Gladys 4 - Voice Recognition

Congratulations @damalgos and good luck :grin:

So to answer your question, I’ve made progress on a module, here’s what it does currently (all backend):

  • install the rhasspy container (which contains all the elements to understand and speak)
  • configure the container (still in progress)
  • retrieve the voice content and send it to Gladys
  • Gladys responds to rhasspy which speaks through the speaker

There’s still a lot to do:

  • the entire front end, I haven’t done anything and I’m a bit lazy I don’t like it too much but I’ll have to get to it when the backend is good)
  • Proper installation of rhasspy with a good config
  • Retrieve Mozilla’s database for understanding which is very comprehensive, downloading a large base can cause technical problems
  • Configuration of everything related to languages

That’s it for the news, I’ll try to make some progress on it if possible, at least to have a clear base that’s easy to pick up / help with on this subject.

Thanks for your replies!
Congratulations to you and sorry for your sleepovers :joy:

Okay, I’m not expecting any issues :wink:

@damalgos, in my opinion, we won’t see him again anytime soon, he’s come across something to program that no matter what he does will always be full of bugs!!! I’ve been at it for fifteen years of code and it still bugs out regularly, curiously a lot more in the last 2/3 years, they say it’s the programmed adolescence!! :rofl:

Otherwise, for those interested, I came across this, it’s recent and it looks powerful

Create your own voice recognition. Python library: vosk

Alright, I’m reviving this thread…
Did you see this? VoiceGPT - Voice Assistant That Uses The ChatGPT Chatbot
Couldn’t we adapt it to Gladys?

Hello. It’s based on Google Cloud Speech-to-Text API so everything you say goes to Google. I don’t think that’s the idea with Gladys Assistant :neutral_face:

I’m well aware of that, but… Compatibility between Google Home and OpenAI means we’re already going through external servers for certain integrations.
Recognition could only occur when a trigger (button) is activated…
That’s the idea of the (rather simple) script I was highlighting here.

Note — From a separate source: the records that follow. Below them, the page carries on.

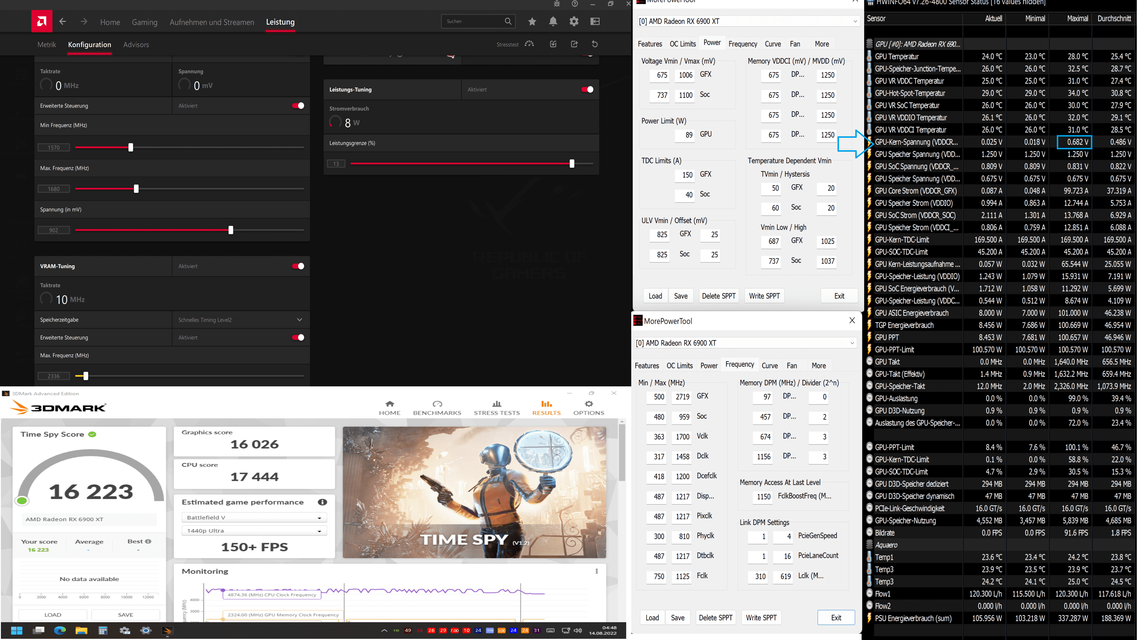 Rechne mal nach 1175mV(RX6900) zu 1000mV = 175mV Offset!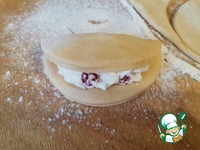 На каждый кружок кладём столовую ложку начинки и складываем пополам. |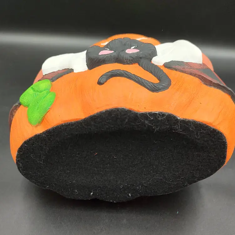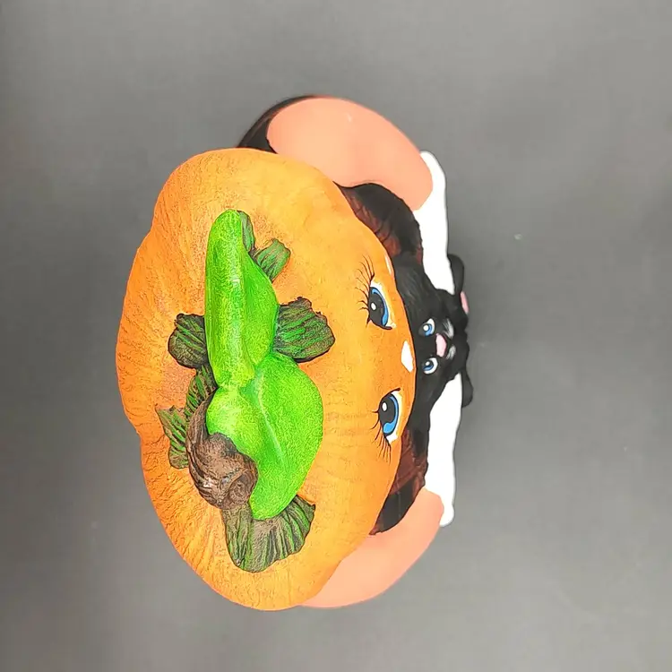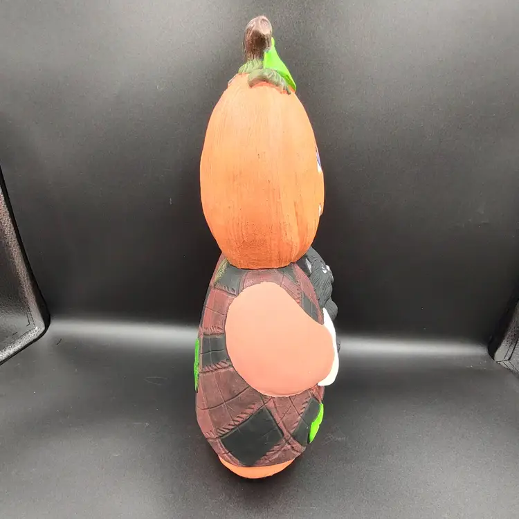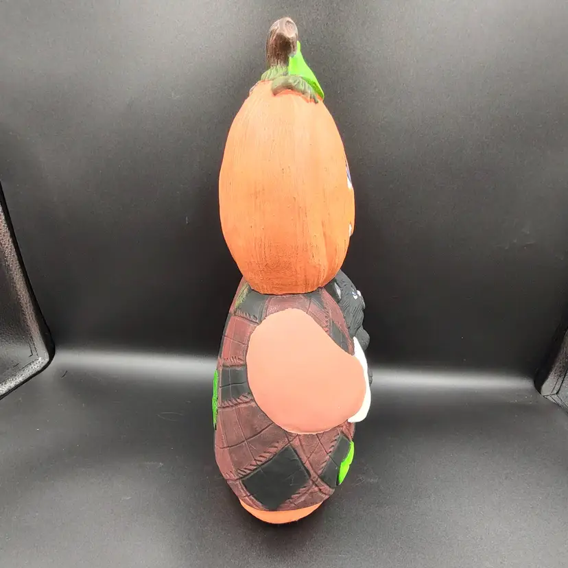 Vintage 1981 Hand Painted Ceramic Pumpkin Man With Black Cat Statue Figurine indoor use only. Has some scuffs as shown in pictures height 11.5" x width 4" x length 8".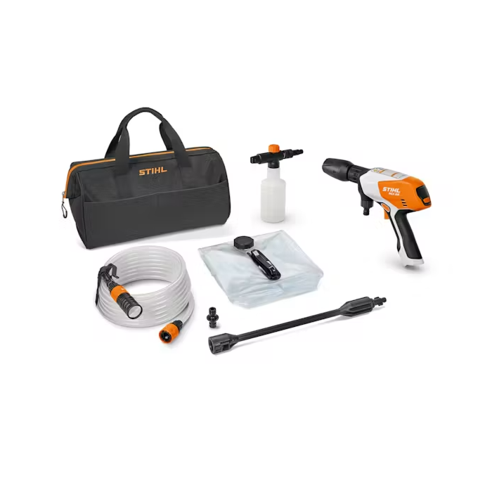 The RCA 20 is a battery-powered cleaner ideal for light jobs from cleaning tires to watering plants. The 4-in-1 nozzle easily switches between flat, point, rotary, and shower settings for a variety of applications, and ECO mode helps users get the most out of their battery charge while reducing pressure for delicate applications. Included with the cleaner is a siphon hose, one-gallon water bag, detergent sprayer, and spray lance, giving the RCA 20 the ability to draw water from multiple sources. The lightweight and compact design and the handy storage bag make this washer easy to take with you to the backyard or on the road.
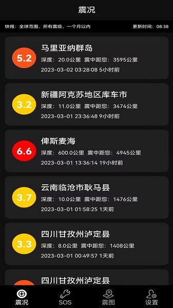 1、实时查询:通过列表和地图的形式展示全球范围内实时地震讯息,可以筛选地震范围、地震时间和地震震级。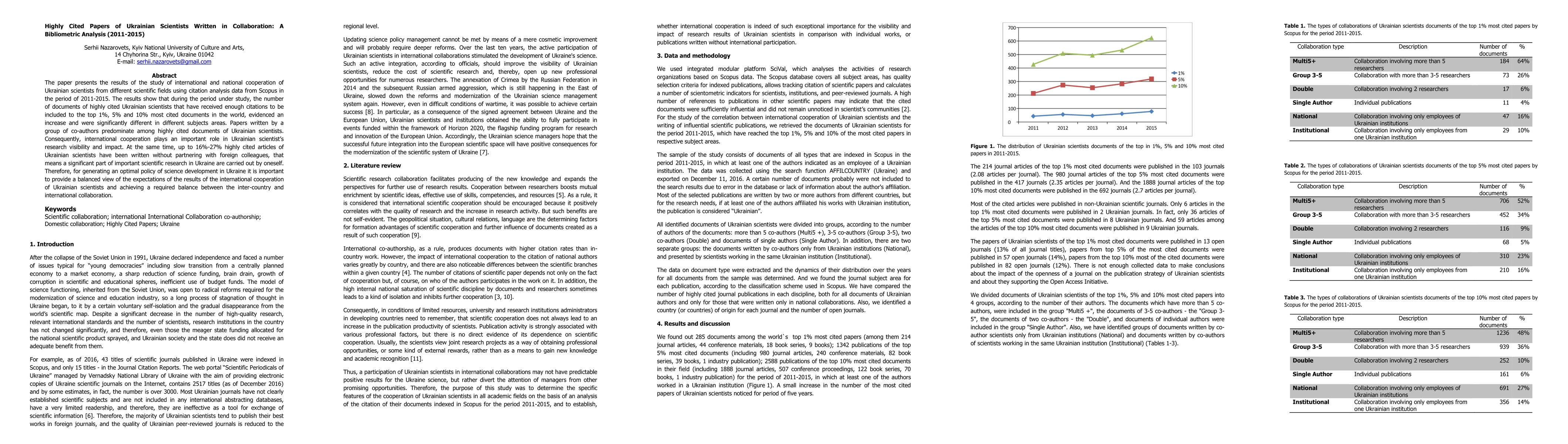 This bibliometric analysis examines the international and national collaboration of Ukrainian scientists from 2011-2015, revealing that highly cited papers predominantly involve co-authorship, with international partnerships significantly boosting visibility and impact. Despite this, a notable portion of highly cited works is produced independently, underscoring the importance of balancing international collaboration with domestic efforts in Ukraine's scientific development.
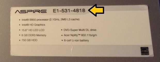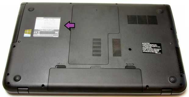 -- Usted debe ser capaz de encontrar el número de modelo en algún lugar en una etiqueta en su computadora portátil, la pegatina está generalmente situada al lado (a la derecha de) el Trackpad (ratón) o en la parte inferior de la computadora portátil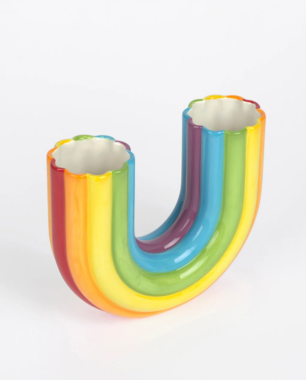 • Vaso cerâmico colorido em forma de arco-íris com acabamento brilhante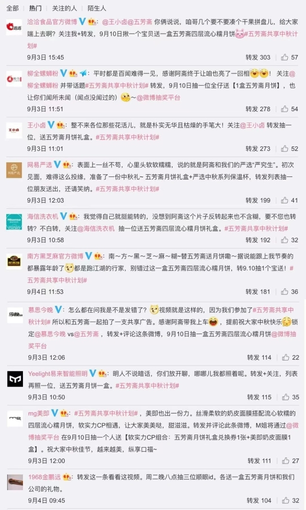 比如其官微在微博开启“五芳斋共享中秋计划”,开启微博抽奖,26个合作品牌纷纷转发加码,提供总价值千元的锦鲤大礼包。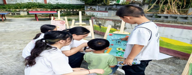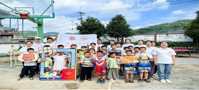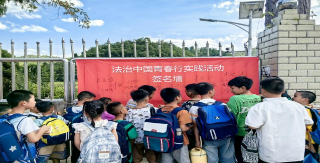 建设乡村法治宣传阵地,夯实群众法治信仰根基。在枫香镇保海村保陇小学,实践队聚焦群众法律援助、生态环境治理、道路交通安全等日常生活领域,绘制乡村法律知识扫码学习文化墙,提高村民法律知识学习的针对性和便捷性。实践队捐赠20余册法律著作书籍和法律文本,建设乡村法治文化图书角,并带领小朋友们参观、互动和学习。实践队聚焦儿童生命健康和财产安全,以绘画、书法、手工粘土、签名墙等为载体,创作防范网络诈骗、青少年权益保护等法治书画作品,进行法治宣传和作品展览,耐心解答小朋友的疑惑和问题,提高乡村小朋友的法治意识和法治能力。夜晚,实践队组织开展“法治夜谈”,有幸邀请到在村小教师岗位默默坚守了20余年的黄文贵老师,他满腔热情地向队员们讲述教育法治事业的发展历程,以及他亲身经历的典型法治案例。队员们认真聆听,不时与黄老师对话交流农村教育事业和乡村法治现状,大家深受启迪,对法治国家、法治社会、法治政府建设尤其是乡村振兴法治建设有了新的认识。
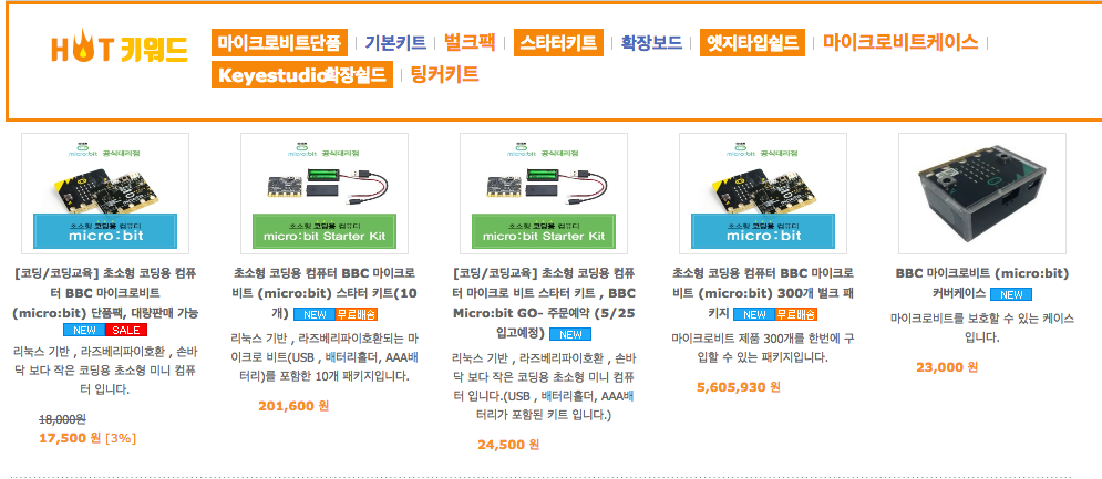 국내 총판이 아이씨뱅크인 것 같습니다. 다양한 부품들과 교육 자료들이 올라와 있어서 활용은 어렵지 않아 보입니다.
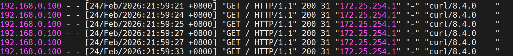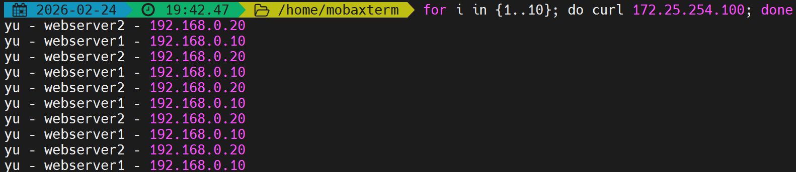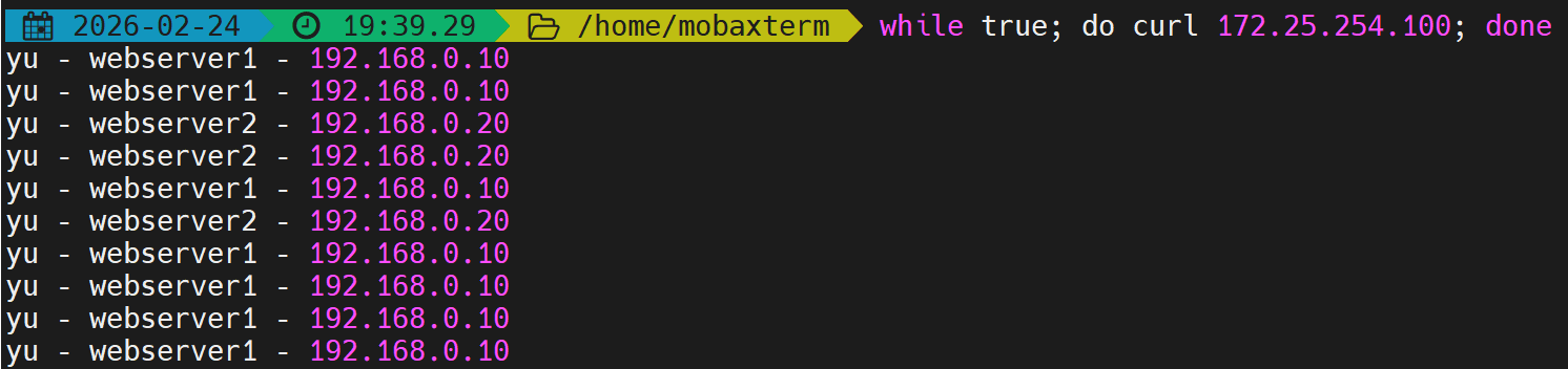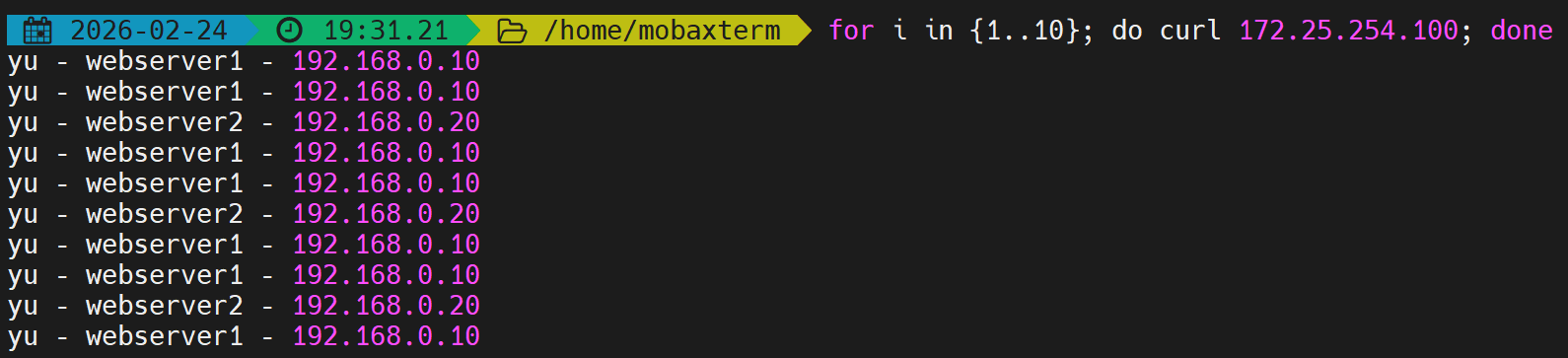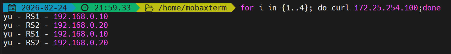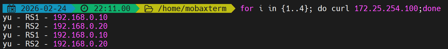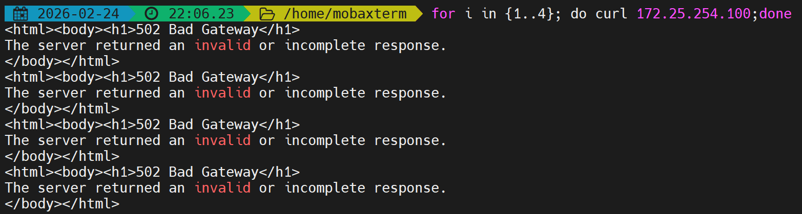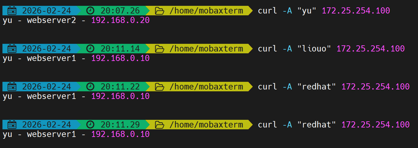 first会优先使用第一个服务器直到满载,测试并发数不足。 - 解决:开启多个终端同时压测,触发备用服务器。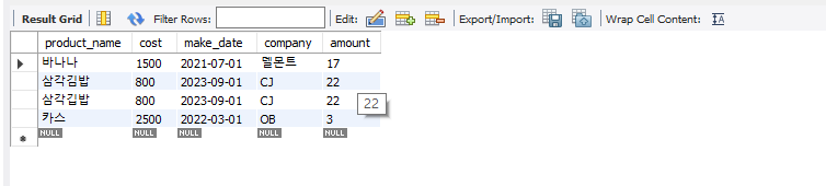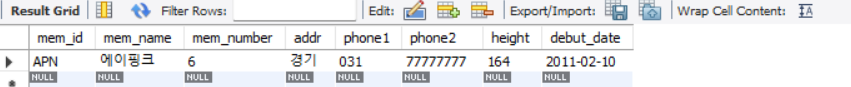 -구매 테이블(buy)의 첫 번째 열인 순번(num)은 자동으로 입력되므로 그 자리에서 NULL이라고 써주면 됨. 그러면 알아서 1, 2, 3, ... 으로 증가하면서 입력됨. 여기서는 처음이므로 1이 입력됨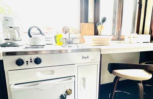 Small kitchenette holding mini-sized fridge, electrical stove with two hobs, microwave, toaster, drip-coffee maker, pots and pans, dinnerware, water glasses, wine glasses and mugs. Bathroom with hot/cold shower and tap, hooks and rails for clothes, hair dryer;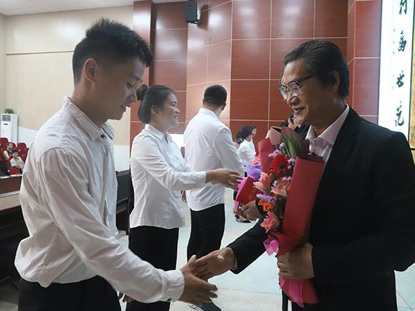 徒弟们怀以诚心,以鲜花、茶水为礼,向师傅献上自己的敬意;师傅们担下重任,回赠寄语,勉励徒弟黾勉好学,不忘初心。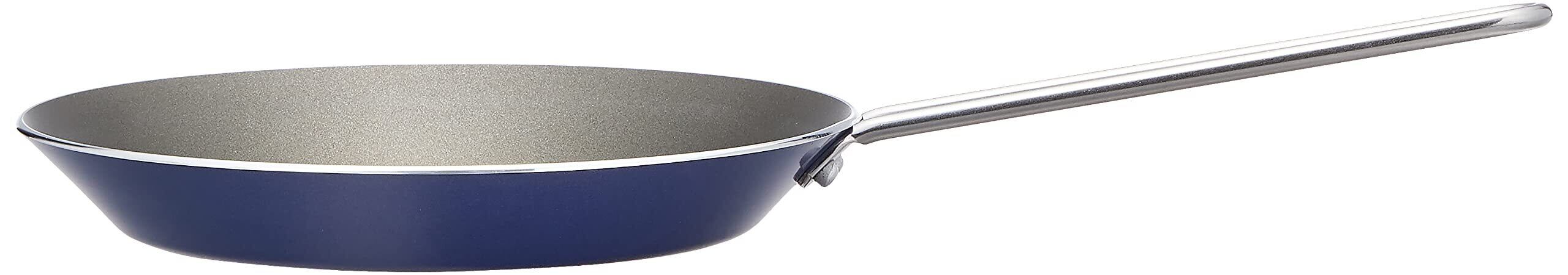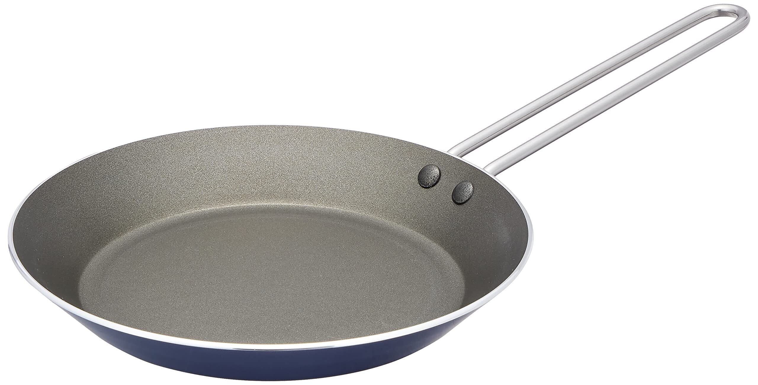 ●油なじみが良くコゲつきにくいフッ素樹脂加工を施し後片付けもラクラク。アルミ厚板2.6mmを使用しているので、熱ムラが少なく変形しにくいので長く使える。モダンなキッチンに似合うクールなブルーメタリック
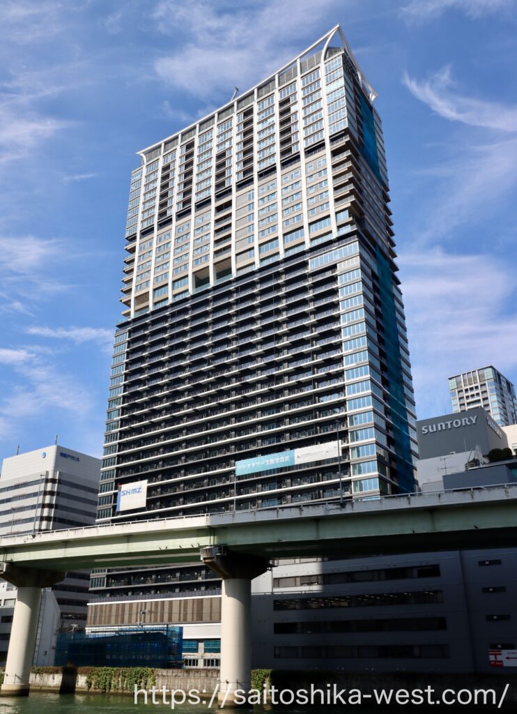 なかり角度をつけて見た、「パークタワー大阪堂島浜」の様子です。

@GBoulvin the problem with this kind of solution is the hardware: if you want speech recognition that works well you need dedicated hardware for that (multiple microphones, a speaker for responses + a Raspberry Pi or other), all added up, is it realistic (economically and functionally) to have a setup that is much more expensive and less capable than a Google Home / Amazon Echo Dot?

If you’re going to use Google’s speech-to-text API anyway, why not just buy a Google Home for 29€?